Stored data »
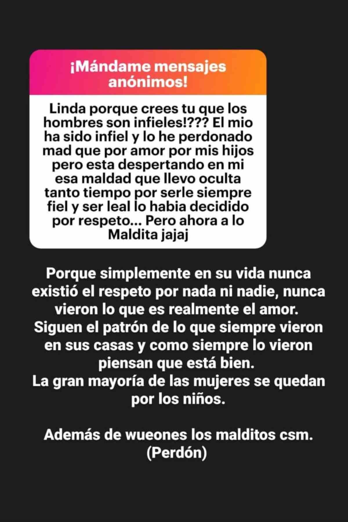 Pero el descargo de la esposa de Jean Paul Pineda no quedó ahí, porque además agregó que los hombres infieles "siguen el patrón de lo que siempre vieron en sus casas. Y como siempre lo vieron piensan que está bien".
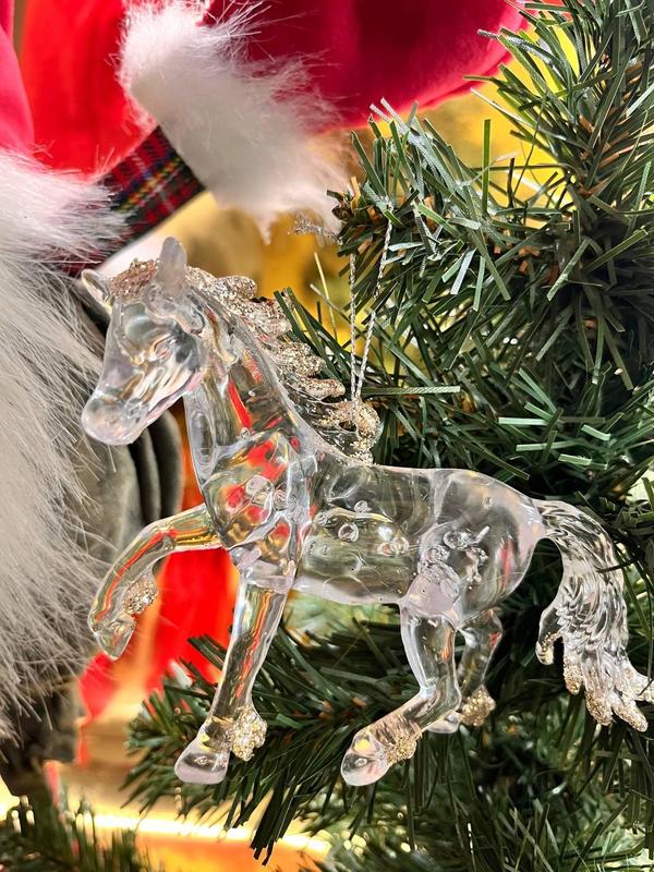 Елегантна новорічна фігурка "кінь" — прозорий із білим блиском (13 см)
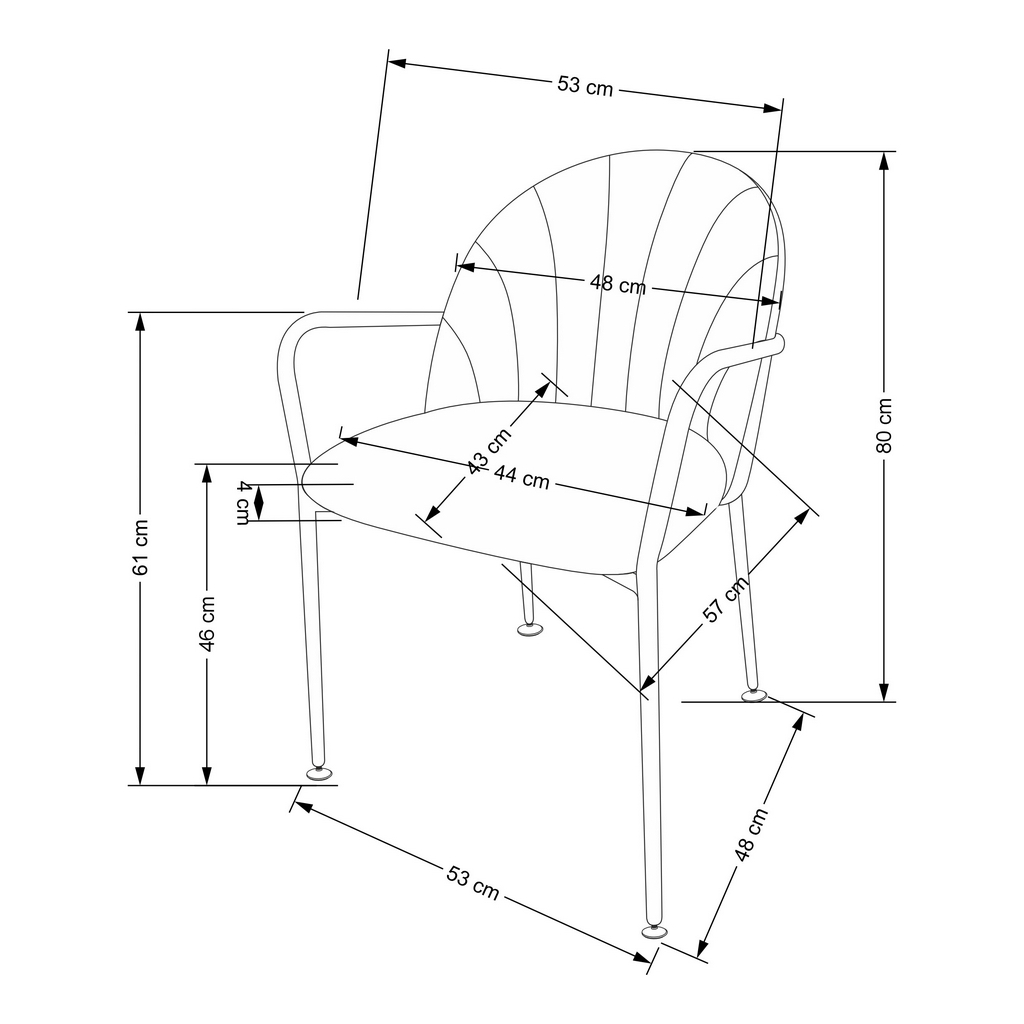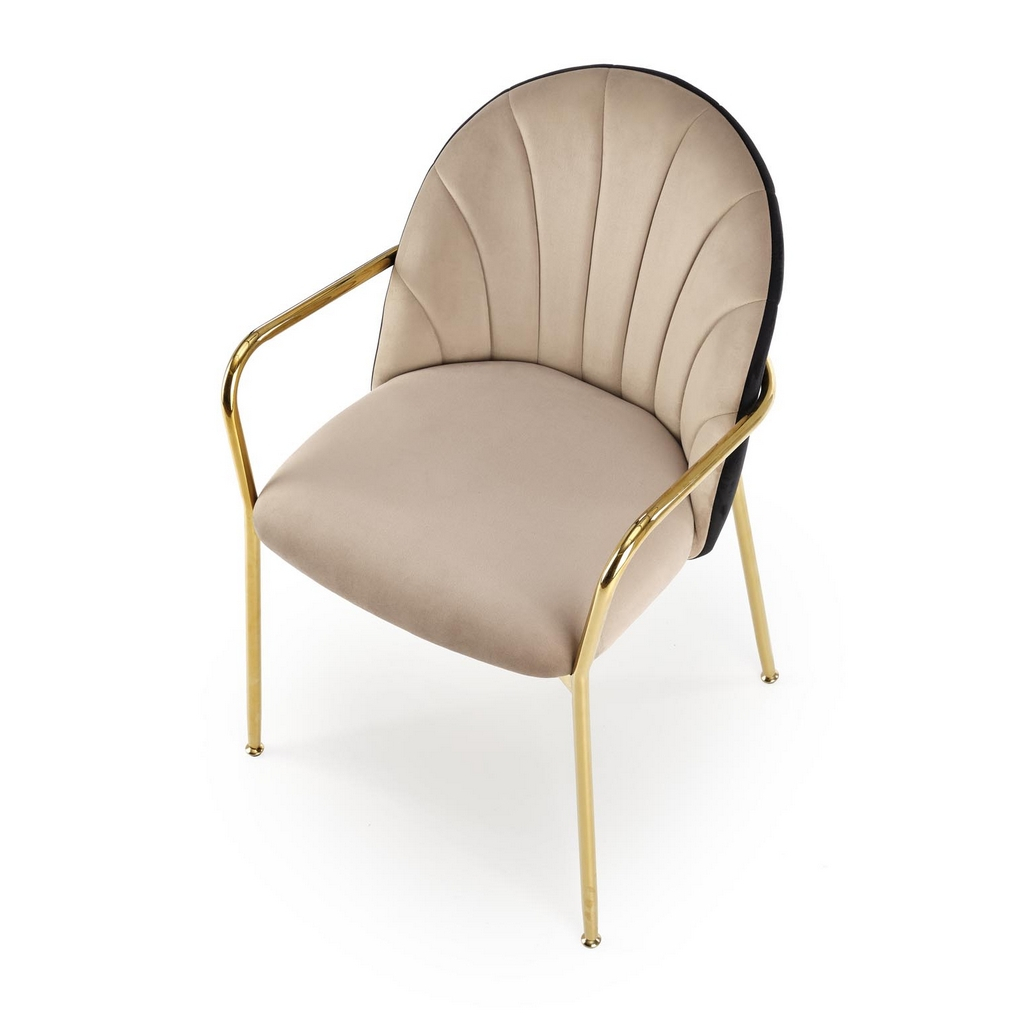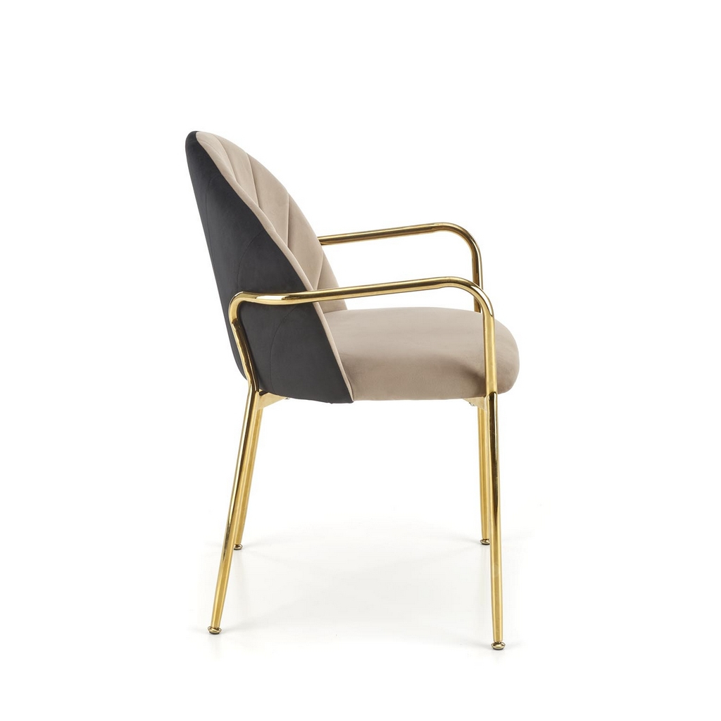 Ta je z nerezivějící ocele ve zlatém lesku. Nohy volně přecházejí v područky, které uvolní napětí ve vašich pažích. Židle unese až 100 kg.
==
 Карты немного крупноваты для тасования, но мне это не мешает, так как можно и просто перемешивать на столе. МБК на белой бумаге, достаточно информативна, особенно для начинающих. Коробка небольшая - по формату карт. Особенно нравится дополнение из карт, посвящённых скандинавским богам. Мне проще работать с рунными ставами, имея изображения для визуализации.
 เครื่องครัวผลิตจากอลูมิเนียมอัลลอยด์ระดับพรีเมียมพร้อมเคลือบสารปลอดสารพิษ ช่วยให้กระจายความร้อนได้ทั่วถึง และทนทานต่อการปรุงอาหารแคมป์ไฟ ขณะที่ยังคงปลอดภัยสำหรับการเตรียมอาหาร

Required action »
Return only the stretch above from the line containing "Елегантна новорічна фігурка" through the line containing "Ta je z nerezivějící", word for word and without pictures.

Answer box »
 Елегантна новорічна фігурка "кінь" — прозорий із білим блиском (13 см)
 Ta je z nerezivějící ocele ve zlatém lesku. Nohy volně přecházejí v područky, které uvolní napětí ve vašich pažích. Židle unese až 100 kg.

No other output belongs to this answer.